Quase uma década mais tarde, a empresa descobriu que este grupo de funcionários era muito mais potente do que imaginava: a inclusão de refugiados, grupo quase sempre negligenciado no mercado de trabalho nacional (e mundial), traz benefícios que vão muito além da fluência no idioma. Com eles, a companhia ganhou motivação, engajamento, lealdade e força para sua cultura interna.
Hoje a Foundever brasileira conta com 700 refugiados em seu quadro de funcionários (com o compromisso de ampliar esse número para mil até o final de 2024) e já inspira outras subsidiárias a seguirem o exemplo. O trabalho tem sido tão significativo que a companhia se tornou parceira do ACNUR (Agência da Organização das Nações Unidas para Refugiados) para inclusão desses profissionais no mercado de trabalho nacional. Mas o caminho para chegar lá não foi simples.
“Estamos falando de pessoas que, muitas vezes, chegam ao Brasil com a roupa do corpo e uma mochila. Não tínhamos uma equipe preparada para lidar com o assunto e logo entendemos que precisávamos agir também como consultores para esses funcionários em assuntos como legislação e documentação”, conta Adriana Wells, diretora de RH da empresa.
UM TRABALHO QUE VAI ALÉM DA CONTRATAÇÃO
De acordo com o ACNUR, mais de 60 mil pessoas são reconhecidas como refugiadas no Brasil, e a grande maioria (48.789) vem da Venezuela. Em seguida vem os sírios (3.682), e depois os congoleses (1.078). A Foundever dá preferência a venezuelanos por conta do idioma – a maioria de seus clientes são de países latino-americanos.
Conseguir trabalho para se estabelecer financeiramente em um novo país é um dos principais obstáculos para a adaptação de refugiados, já que envolve não só questões de idioma e cultura como também dificuldades práticas, como documentação adequada.
“Além de capacitar nosso time de RH, nos associamos a parceiros que capitaneiam o processo de acolhimento de refugiados no país, como ONGs e igrejas, que nos mostraram e nos fizeram refletir sobre o que era necessário para tornar a experiência dessas pessoas ser a melhor possível.”Um exemplo simples, mas que no início passou despercebido: apesar de grande parte das vagas não exigir conhecimento de língua portuguesa, o recrutador fazia a entrevista no idioma. Esse foi um dos primeiros processos a ser alterado, e toda a jornada do funcionário passou a ser feita no idioma de origem, do recrutamento e seleção à admissão e treinamento.

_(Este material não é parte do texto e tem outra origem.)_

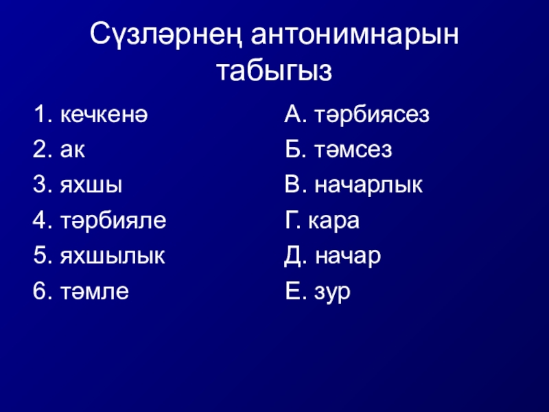 Слайд 5Сүзләрнең антонимнарын табыгыз
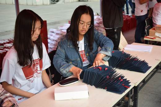早上五点四十分,负责相关迎新工作的同学们就来到了明德广场,整理朋辈信、摆放校园明信片、调试相机,提前做好迎新准备,同时熟悉迎新流程。工作人员整装待发,等待新生的到来。
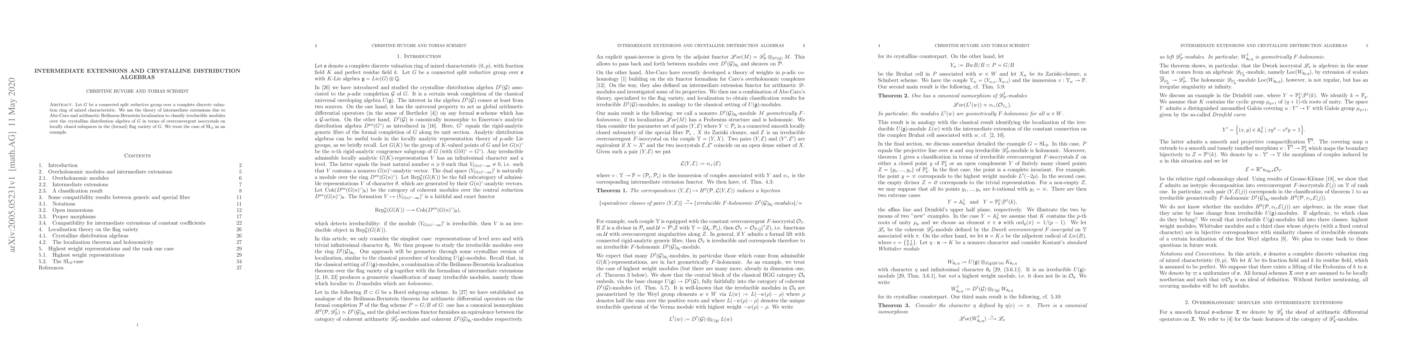 Let G be a connected split reductive group over a complete discrete valuation ring of mixed characteristic. We use the theory of intermediate extensions due to Abe-Caro and arithmetic Beilinson-Bernstein localization to classify irreducible modules over the crystalline distribution algebra of G in terms of overconvergent isocrystals on locally closed subspaces in the (formal) flag variety of G. We treat the case of SL(2) as an example.

“Uma pessoa que precisa sair de seu país e está em busca de um trabalho se sente obviamente insegura, mas participar de um processo seletivo em sua língua materna já oferece um certo conforto”.
Foi criado ainda um departamento de idiomas para ajudar a integrar as áreas. Todos os funcionários que interagem com refugiados precisam falar espanhol, e os venezuelanos também passaram a receber aulas de português para se inserirem com mais facilidade à sociedade brasileira.
PREPARAÇÃO DOS GESTORESOutra descoberta: “Percebemos que precisávamos criar uma consciência e preparar o time executivo para lidar com o tema”, conta a diretora do RH.
“Hoje, recomendo a uma empresa que esteja iniciando o processo que faça um mapeamento para tentar entender o nível de resistência que vai encontrar e elabore um plano de conscientização e desenvolvimento porque faz toda diferença contar com uma liderança que capitaneie e promova essa inclusão.”
O passo seguinte foi montar um calendário com palestras de conscientização, com focus groups – em espanhol – para falar sobre a experiência e inspirar novas ideias.Além de impactar positivamente a agenda interna de diversidade – atualmente a empresa tem um comitê de diversidade, equidade e inclusão, e os focus groups mensais que tratam das experiências de outros grupos minoritários –, o movimento para a inclusão de refugiados sacudiu toda a gestão de pessoas, com mais transparência na comunicação, novas políticas contra assédio, melhora nos níveis de satisfação dos colaboradores e na retenção de talentos.
“Os funcionários refugiados nos motivaram a provocar e criar reflexões que no passado não aconteciam. Garantir seu acolhimento significa também que vamos receber as outras minorias da melhor forma possível. Os colaboradores entendem que serão ouvidos. Não dá mais para focar apenas em receita e lucro. Candidatos só vão querer trabalhar conosco se estivermos preocupados com a comunidade, entregarmos valor para a sociedade e tivermos uma cultura inclusiva, com investimentos pautados por propósitos e acolhimento.”